> Stored dataset items:

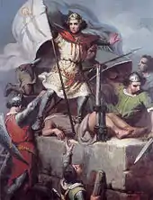Ramon Berenguer III thrusting the sign of Barcelona in the Fos castle (Fos-sur-Mer, Provenza), by Marià Fortuny (1856 or 1857), Reial Acadèmia Catalana de Belles Arts de Sant Jordi (on trust at the Palau de la Generalitat de Catalunya).
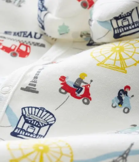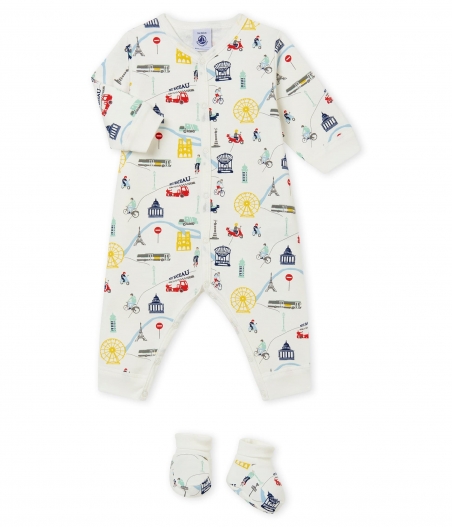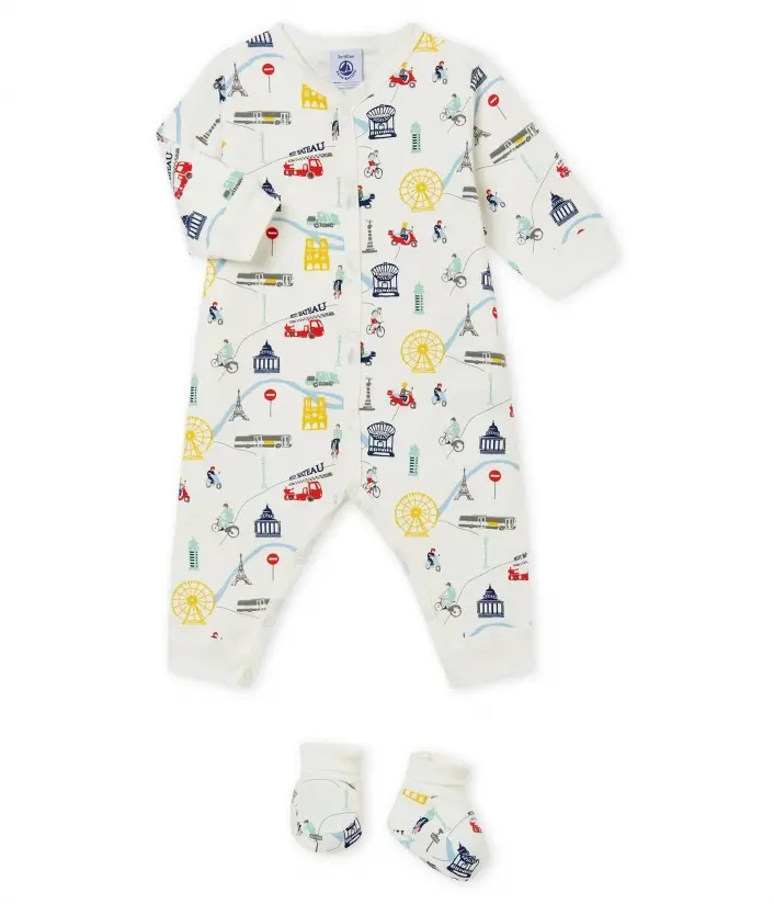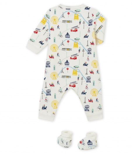 Комплект для младенца для комфортного сна: теплая пижама с застежками на кнопочки и пинетки с принтом парижского колорита. OEKO-TEX® гарантирует безопасность для кожи. Состав: 100% хлопок
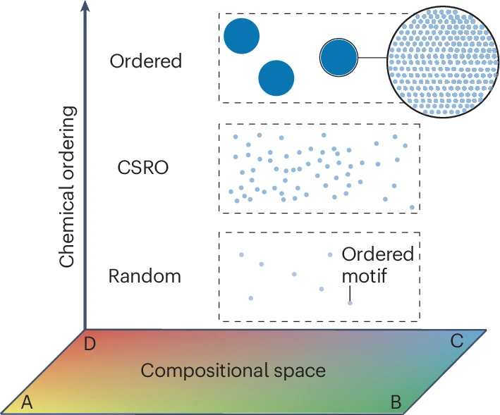 图2.高熵合金中的成分空间与化学结构状态的示意图
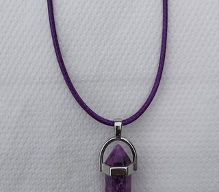 Je vends le pendule en Améthyste naturelle de très belle qualité L'Améthyste est montée en pendentif dans une cage argentée La longueur du pendentif suspendu est de 4,5 cm
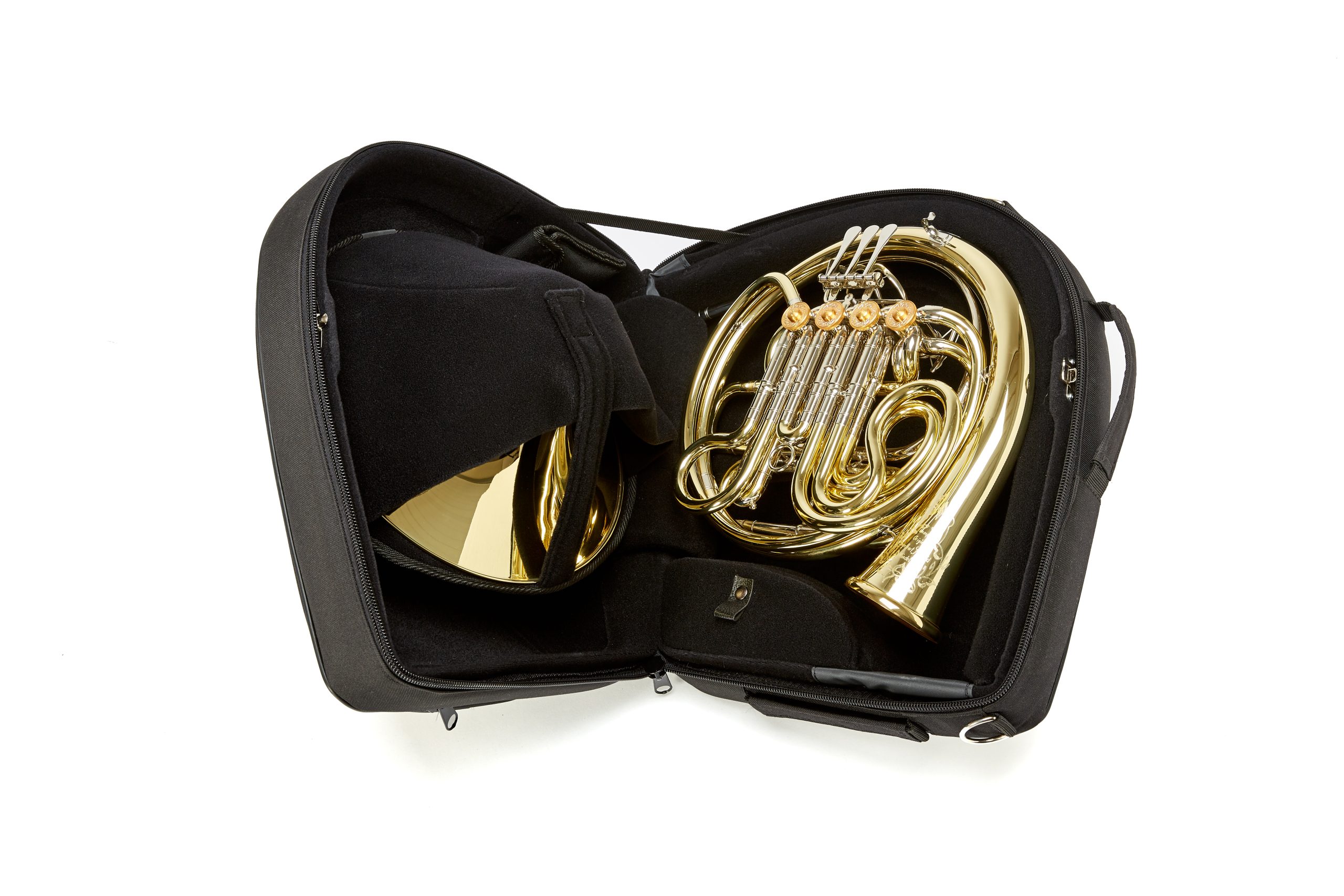 Rimskys-Horns Gigbag-Zwart, ruimte voor Demper, incl.mondstuktasje en 3 draagbanden. Noot: Hoorn niet Inclusief ! Leverbaar met Gebr.Alexander logo

> Required work: The data is to be printed again exactly, but without its pictures.

> Finished exercise:
Ramon Berenguer III thrusting the sign of Barcelona in the Fos castle (Fos-sur-Mer, Provenza), by Marià Fortuny (1856 or 1857), Reial Acadèmia Catalana de Belles Arts de Sant Jordi (on trust at the Palau de la Generalitat de Catalunya).
 Комплект для младенца для комфортного сна: теплая пижама с застежками на кнопочки и пинетки с принтом парижского колорита. OEKO-TEX® гарантирует безопасность для кожи. Состав: 100% хлопок
 图2.高熵合金中的成分空间与化学结构状态的示意图
 Je vends le pendule en Améthyste naturelle de très belle qualité L'Améthyste est montée en pendentif dans une cage argentée La longueur du pendentif suspendu est de 4,5 cm
 Rimskys-Horns Gigbag-Zwart, ruimte voor Demper, incl.mondstuktasje en 3 draagbanden. Noot: Hoorn niet Inclusief ! Leverbaar met Gebr.Alexander logo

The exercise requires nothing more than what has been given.